The Hob's Bargain(39)



I closed my eyes briefly and nodded. When I looked up, I noticed a paving stone in the middle of the dirt path. Frowning at it, I sent Duck after the hob, who had resumed an easy jog. Scattered cobbles lay on the trail ahead, growing more numerous as we approached the King's Highway.

When we reached the rise before the bridge, I slowed Duck to a brisk walk to allow him to pick his way among the broken cobbles. It looked as if some giant had plowed the highway under. The earthquake hadn't felt that bad to me.

Caefawn slowed with me. "Good. The mountain wasn't certain she could do this, but the bloodmagic seems to be weaker than she thought. Are you any good with the knife you wear?"

I couldn't pull my eyes from the damaged roadway. The mountain had done this? "My knife? No. Kith's been teaching me, but I doubt I'd stand up against anyone with experience."

"You'll do," he said. "When we get to the bridge, we'll let your horse return to his stable, and then you and I'll take care of the raiders."

That caught my attention. I looked incredulously at the top of his hood as I ran through his words again. I thought of several questions, but discarded them before they touched my tongue. "The two of us," I said finally.

He made a noise that could have been agreement, laughter, or both.


SIX

The hob made little noise threading his way through the trees. I tried to imitate him, but the thin yearling growths of willow snagged at my clothing and rustled as I moved past. Not that I couldn't move quietly in the woods, but I did it by avoiding dry leaves and dense growth like the stuff we were currently wading through.

I was so busy grumbling to myself that when Caefawn dropped to hands and knees, I almost tripped over him. I crouched and followed the motion of his chin to see a small group of raiders talking among themselves not much over a stone's throw away.

They were using the garbled language Wandel called the patois, so I couldn't tell what they were saying. If they'd been quieter, they would have heard me scuttling through the leaves.
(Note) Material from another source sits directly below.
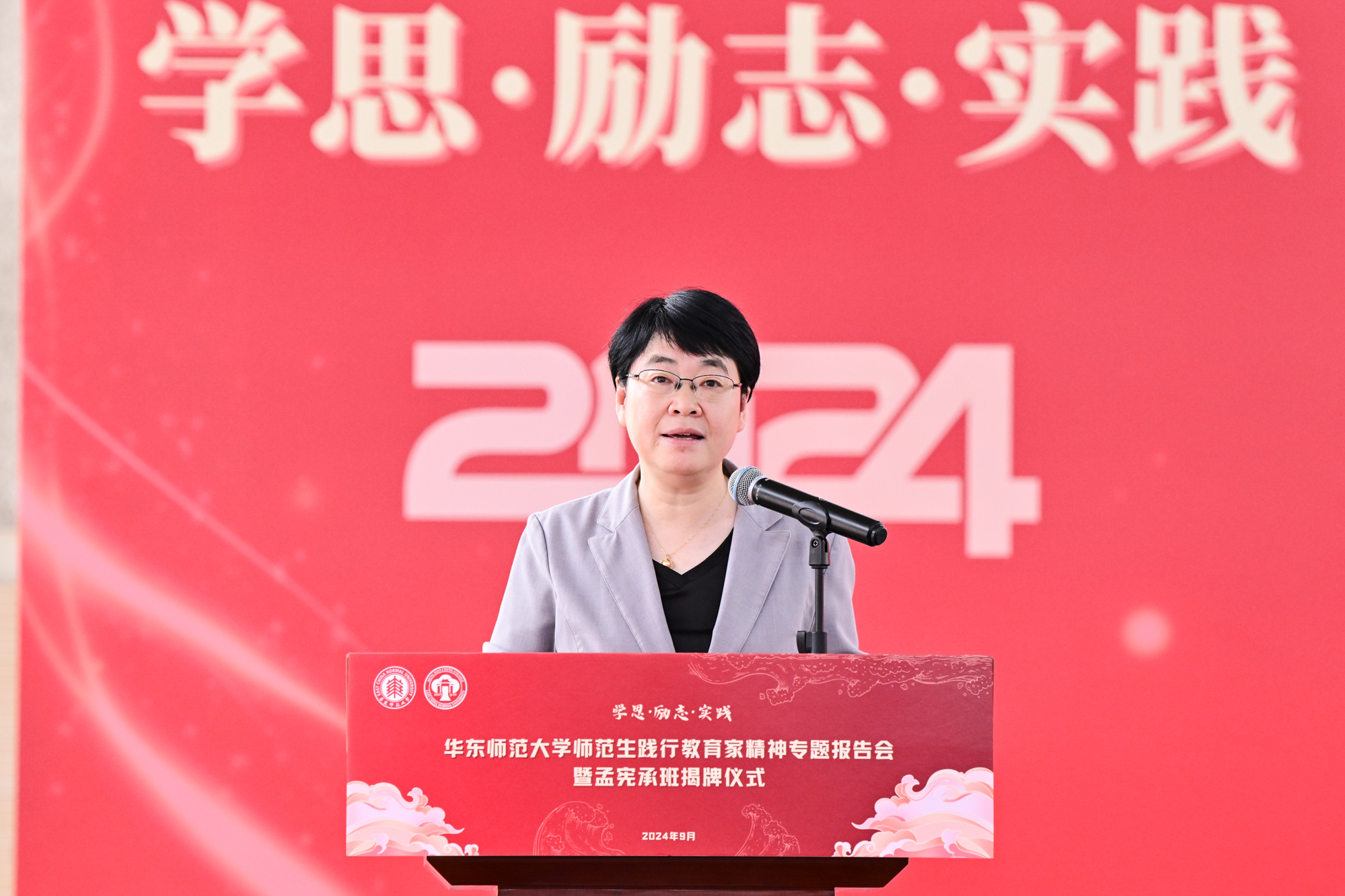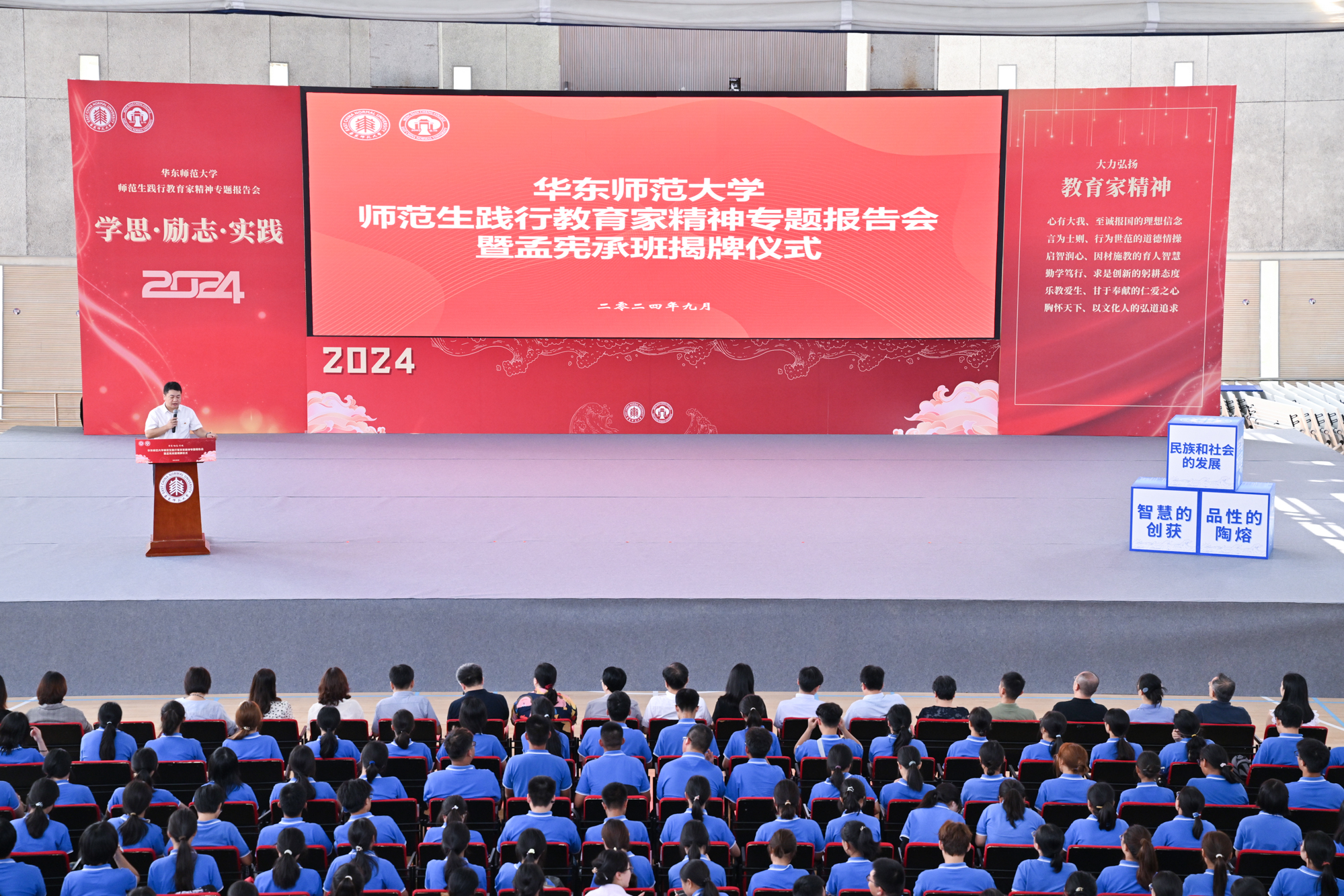 为深入学习宣传贯彻全国教育大会精神,弘扬与传承教育家精神,9月12日上午,永利皇宫登录官网孟宪承书院师范生践行教育家精神专题报告会暨孟宪承班揭牌仪式在闵行校区举行。华东师大副校长戴立益,教师教育学院副院长华春燕,研究生院培养办公室副主任乔德礼,党委学生(研究生)工作部副部长庄瑜,教务处处长助理吴平颐,孟宪承书院党委书记兼院长吴薇与各专业院系教学副院长、成长导师代表出席。孟宪承书院党委副书记梁宏亮主持活动。

The hob drew a hollow reed from a pocket of his cloak and slipped a dart made from a porcupine quill into the reed. Placing the tube against his lips, he blew, propelling the dart toward the raiders. I lost sight of it as it traveled through the air, but one of the men jumped and rubbed his thigh. Battle-roused, the others dropped low and looked for their unseen foe.
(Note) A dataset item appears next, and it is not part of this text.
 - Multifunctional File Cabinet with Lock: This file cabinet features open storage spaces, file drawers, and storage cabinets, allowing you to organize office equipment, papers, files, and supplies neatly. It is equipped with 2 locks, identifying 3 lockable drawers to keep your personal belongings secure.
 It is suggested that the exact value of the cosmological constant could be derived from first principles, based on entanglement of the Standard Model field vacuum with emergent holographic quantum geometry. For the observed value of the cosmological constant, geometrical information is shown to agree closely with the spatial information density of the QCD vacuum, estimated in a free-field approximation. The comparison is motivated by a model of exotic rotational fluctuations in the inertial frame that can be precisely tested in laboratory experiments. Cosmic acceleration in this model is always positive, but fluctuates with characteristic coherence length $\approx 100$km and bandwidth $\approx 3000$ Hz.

I held my breath and tried not to rustle.

The man who'd jumped first shook his head, laughing a little. "Just a bug," he said in the king's tongue.

The others relaxed - so did I. Then the man hit by the dart collapsed in the grass.

Eight of the men remaining held their weapons at the ready and crouched, each looking in a different direction. Both the hob and I held still. The ninth man dropped to his knees next to the hob's victim. From the relief on his face, I could tell the fallen man wasn't dead.

After we'd crouched there long enough for my feet to fall asleep, the raiders relaxed.

"Must have gone," said one, a big man with graying brown hair who seemed to be their leader.

"Or it really was a bug," commented another.

"What do you suppose it was?" asked the man who still crouched on the ground.

The leader shook his head. "How should I know? We've got people what disappear, leaving behind nothing but blood and weaponry. We've got horses lame from bug bites nastier'an anything I've ever seen - not even when we worked the swamps a couple of years back. Food goes foul too fast, and something's been robbing our supplies and scattering them. Now there's some freaking berserker lurking in the woods. Maybe the same bugs what got the horses got Henwit, too. I don't know."

Hmm, I thought, if their leader is that spooked, the men mustn't be far behind.

"What we going to do about him?" challenged the man on the ground. "I ain't leaving Henwit behind to get chewed up by whatever happens upon him."

The big man threw up his hands. "Take him back, then. You explain to the captain what happened."

The raider tried his best, but the unconscious man weighed more than he did. It was obvious he couldn't carry the limp body very far. Had Caefawn chosen the heaviest man on purpose?

Finally two of the raiders took the heavy man and staggered off with him. The rest of the party headed away from where Caefawn and I crouched. Almost a third of this bunch was out of the fight, without our killing a soul.

I twisted to look at the hob. He grinned back. It still looked rather alarming when done with fangs, but I was getting used to it. When he began backing quietly out of the brush, I followed.

I decided I needed to be armed with something better than a knife. Kith said by the time you could use a knife, you were too close. Even an idiot could kill you. Especially if you were fighting someone bigger, stronger, and better armed. Most of the people we'd be encountering would be all three. When we came to a tree with good stout branches, I stopped.

"You're too serious," Caefawn said, watching me hack at a solid branch of oak. "This should be fun."

I stopped hacking and turned to stare at him.

"Of course," he said, "it never hurts to be prepared."

He reached over and took the branch, breaking it off the tree as if it were a twig. Holding it in both hands, he fell to one knee and presented it to me, his tail curled around his feet.